(Records contained in a dataset)
▼

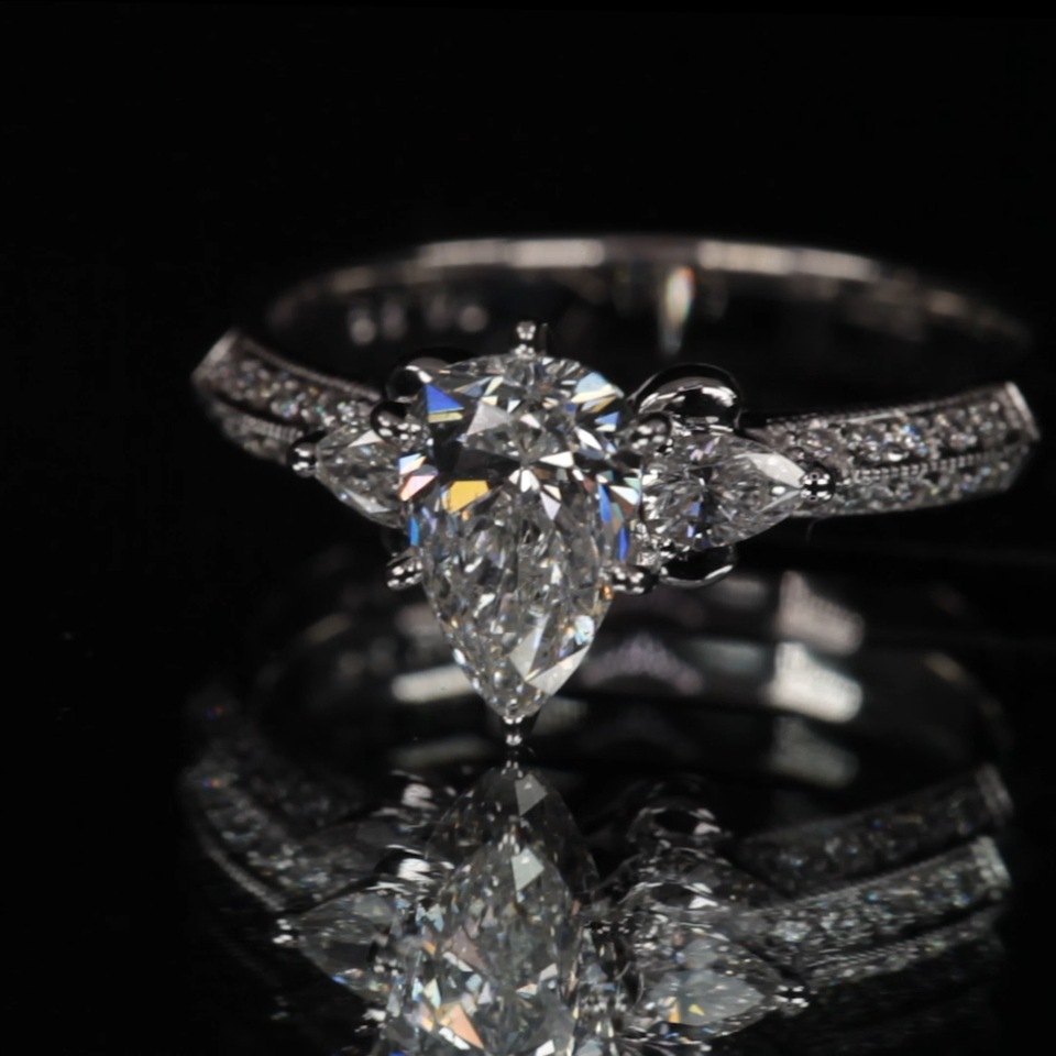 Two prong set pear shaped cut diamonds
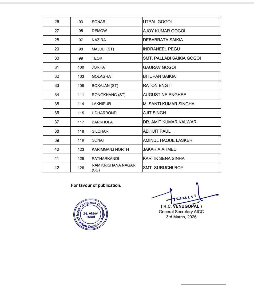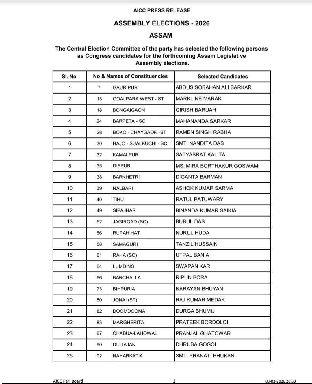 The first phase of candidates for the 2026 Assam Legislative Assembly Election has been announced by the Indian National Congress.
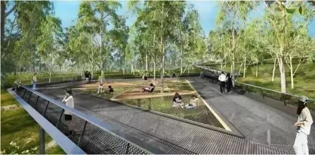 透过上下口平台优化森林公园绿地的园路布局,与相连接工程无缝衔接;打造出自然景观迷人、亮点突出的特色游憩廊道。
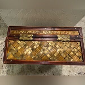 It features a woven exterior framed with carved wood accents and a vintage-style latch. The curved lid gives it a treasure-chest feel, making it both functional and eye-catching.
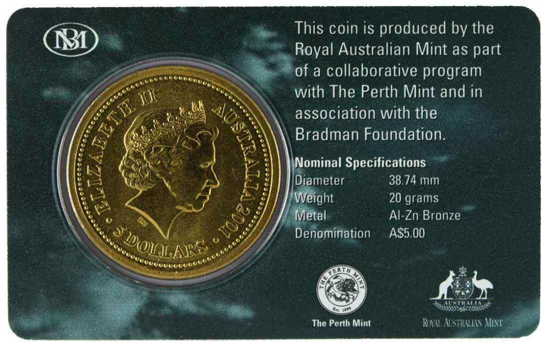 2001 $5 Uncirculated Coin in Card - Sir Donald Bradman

▲

AIM OF THE EXERCISE>
Copy the final portion of the records: every line from the one containing "The first phase" through the last, word for word, without pictures.

ANSWER SPACE>
 The first phase of candidates for the 2026 Assam Legislative Assembly Election has been announced by the Indian National Congress.
 透过上下口平台优化森林公园绿地的园路布局,与相连接工程无缝衔接;打造出自然景观迷人、亮点突出的特色游憩廊道。
 It features a woven exterior framed with carved wood accents and a vintage-style latch. The curved lid gives it a treasure-chest feel, making it both functional and eye-catching.
 2001 $5 Uncirculated Coin in Card - Sir Donald Bradman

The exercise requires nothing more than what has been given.